The views expressed in this article are those of the author and do not represent those of Luther Rechtsanwaltsgesellschaft.

Third-Party Funding (TPF) has certainly captured the attention of the arbitration community in the last few years. This has led to an interesting debate on its implications and potential need for regulation that has, however, failed to include all stakeholders. Insurance has been, in this sense, the Great Forgotten.

TPF is only one of the shapes that funding can take in international arbitration. Yet, it has been perceived as a new phenomenon that raises a number of novel issues such as conflicts of interest, disclosure, security for costs, control over the claim or confidentiality, among others. In order to determine whether TPF is in fact a new, stand-alone phenomenon that deserves special treatment -and regulation- it is necessary to take a comprehensive look at the funding market in international arbitration.

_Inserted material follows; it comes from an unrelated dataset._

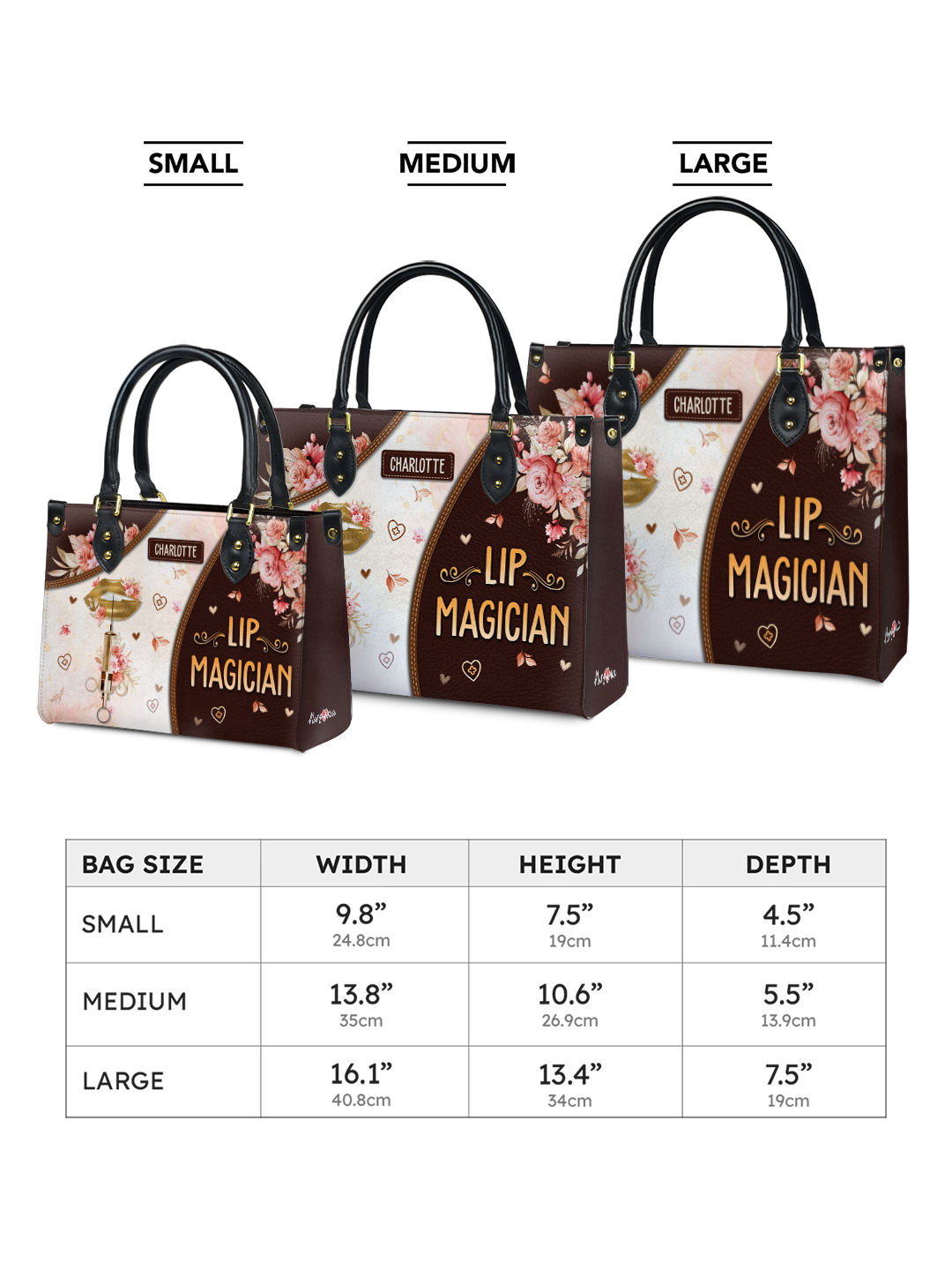 - Size Small: 9.8" x 7.5" x 4.5" (24.8 x 19 11.4cm)

Funding of claims by third parties in arbitration has existed for hundreds of years, notably in the form of insurance. Yet, little or inconsistent consideration has been given to insurance throughout the debate on regulation. Of the insurance schemes available in international arbitration, BTE (‘before the event’) legal costs insurance deserves special attention for its resemblance to TPF. In return for a premium paid in advance, the BTE insurer covers the risk of the legal costs of a potential litigation. It will fund the costs of bringing or defending a claim in arbitration, but it will not take a share in the proceeds of a successful award.

BTE is not liability insurance as it does not cover the amount at the core of the dispute. It is also not ATE (‘after the event’) insurance, which is coverage purchased once a dispute has arisen. ATE provides cover against an adverse costs award or against non-recovery of ‘own costs’ and is usually paid for by a contingent premium, that is, only if the claim succeeds, which is why it is sometimes equated with TPF. However, this type of insurance does not usually provide funding: it is not the purpose of this insurance scheme.

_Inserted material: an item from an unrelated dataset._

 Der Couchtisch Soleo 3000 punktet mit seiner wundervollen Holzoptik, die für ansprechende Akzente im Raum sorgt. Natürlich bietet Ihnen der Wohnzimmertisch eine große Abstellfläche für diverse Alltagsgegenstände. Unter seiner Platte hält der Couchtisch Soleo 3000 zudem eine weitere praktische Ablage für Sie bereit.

Most saliently, one key form of BTE insurance is of crucial importance in international arbitration due to its ubiquity: FD&D (Freight, Demurrage and Defense) cover. This type of insurance is BTE mutual legal costs cover offered by P&I Clubs or FD&D Clubs in the shipping industry. As BTE insurance, it funds legal costs associated with bringing or defending a claim. Interestingly, and in parallel to TPF, FD&D is discretionary: only when Clubs have carried out an extensive assessment of the prospects of success of a claim brought by one of its members will they agree to support the claim. FD&D thus considerably resembles TPF: both schemes fund the legal costs of a proceeding in return for an economic benefit, whether in the form of a premium (in the case of FD&D) or a share in the proceeds (in the case of TPF). 1)Clanchy, J. (2016). Navigating the Waters of Third Party Funding in Arbitration. The International Journal of Arbitration, Mediation and Dispute Management, 82(3), 222 – 232.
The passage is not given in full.